**DATASET EXTRACT:**
__________________________________________________

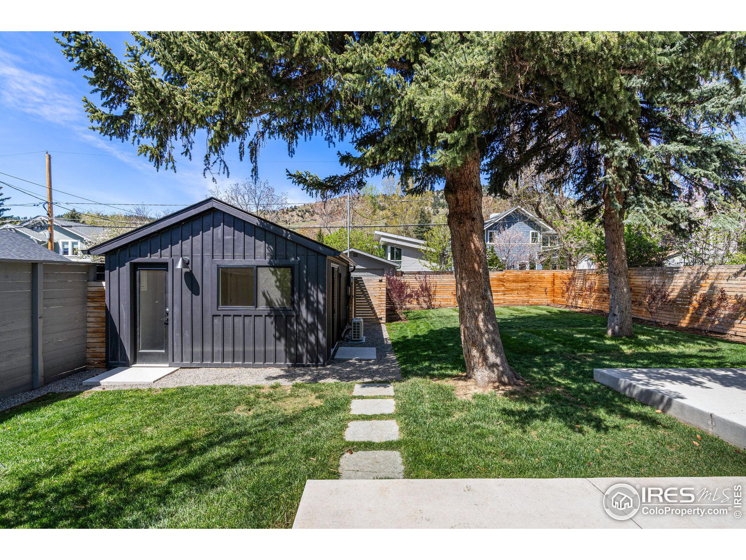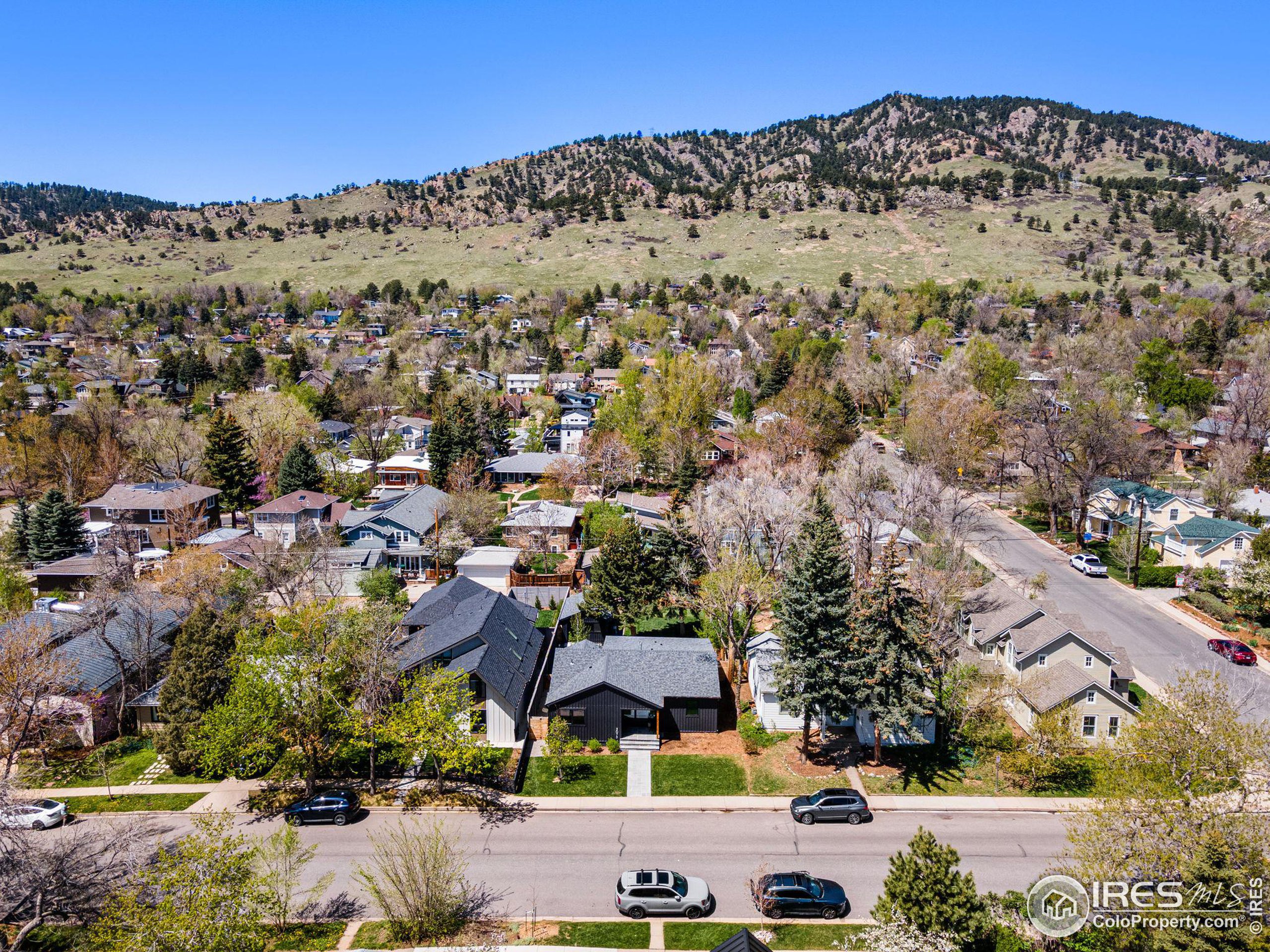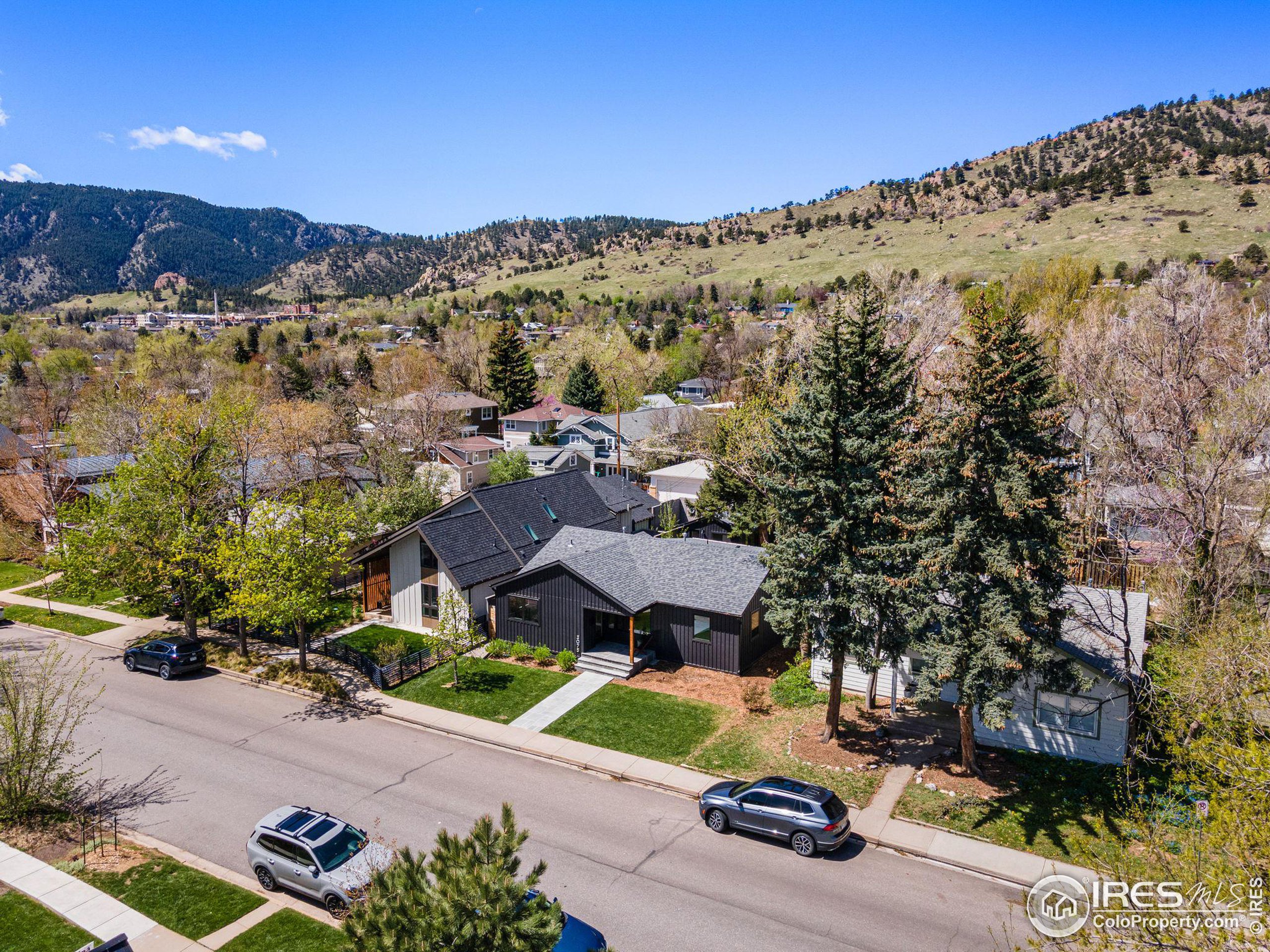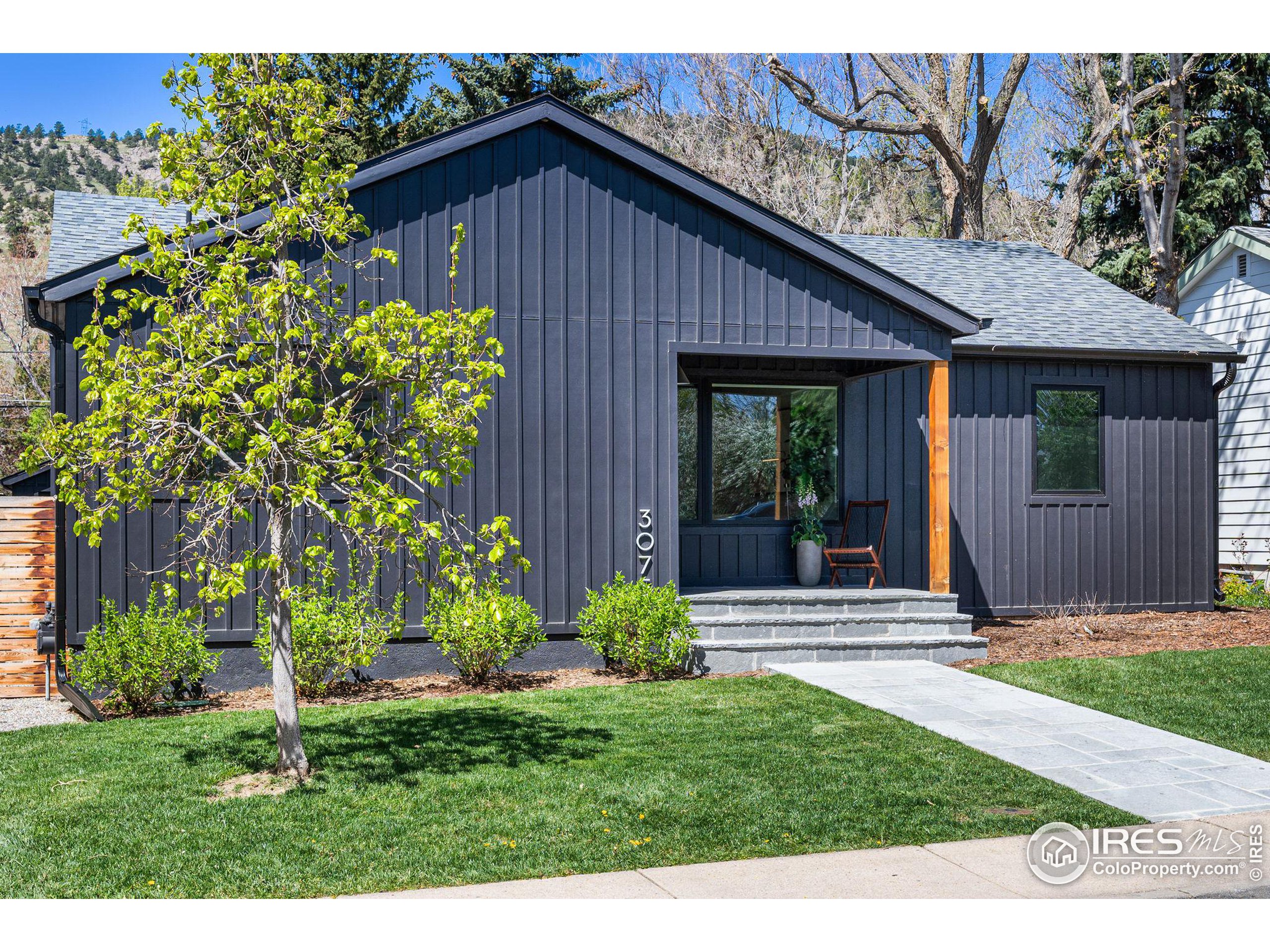This 1950's ranch was completely gutted and remodeled down to the studs -- feels like a highly stylized modern new home. Black board and batten siding with black windows, and a light, airy white interior make this a house of cool contrasts. Located just a block away from North Boulder Park and a few blocks from the rec center, Ideal Market area shops/cafes/restaurants, this home sits on a quiet and serene lot with privacy and Sanitas views. All new systems: new furnace with whole house humidifier, new A/C, new roof, all new kitchen, bathrooms, new detached office/rec room in garage remodel with mini-split for heating/cooling. Hot tub pad and electrical ready for your new spa set up. Enclosed dog run, detached garage with office conversion, and parking pad off alley. This property offers the best of Boulder living with quick access to trails, parks, downtown from a peaceful setting.
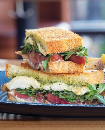 Fresh mozzarella, heirloom tomato, arugula, balsamic glaze, Parmesan-garlic mayo, and pistachio pesto on buttered sourdough. Served with a classic side.
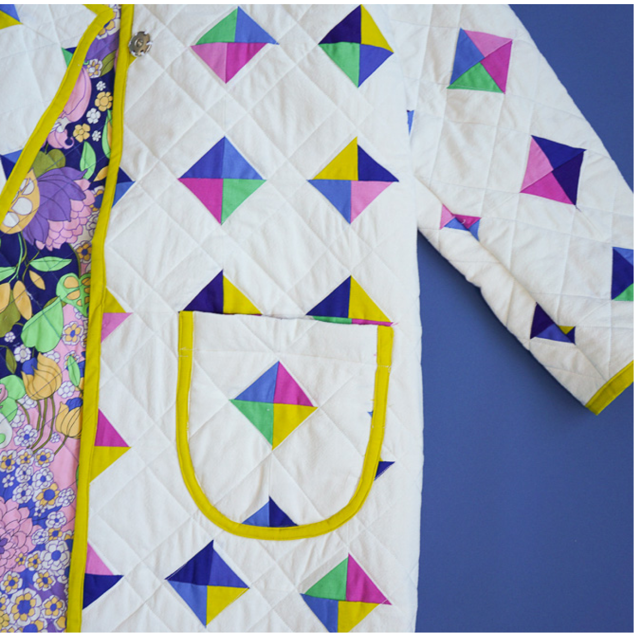 If you’ve never quilted or applied double-fold bias tape before (or if you want to make yourself a coordinating accessory!) we suggest testing your technique with one of our free patterns! You can make a matching dog coat, or use your scraps to make a cute potholder or eye mask! All patterns are available in our Sewing Resource Library using the password “sewjo”.

__________________________________________________

**WORK TO COMPLETE:** From the line containing "Fresh mozzarella, heirloom" down to the end of the data above, reproduce each line exactly; no pictures.

**TASK OUTPUT:**
 Fresh mozzarella, heirloom tomato, arugula, balsamic glaze, Parmesan-garlic mayo, and pistachio pesto on buttered sourdough. Served with a classic side.
 If you’ve never quilted or applied double-fold bias tape before (or if you want to make yourself a coordinating accessory!) we suggest testing your technique with one of our free patterns! You can make a matching dog coat, or use your scraps to make a cute potholder or eye mask! All patterns are available in our Sewing Resource Library using the password “sewjo”.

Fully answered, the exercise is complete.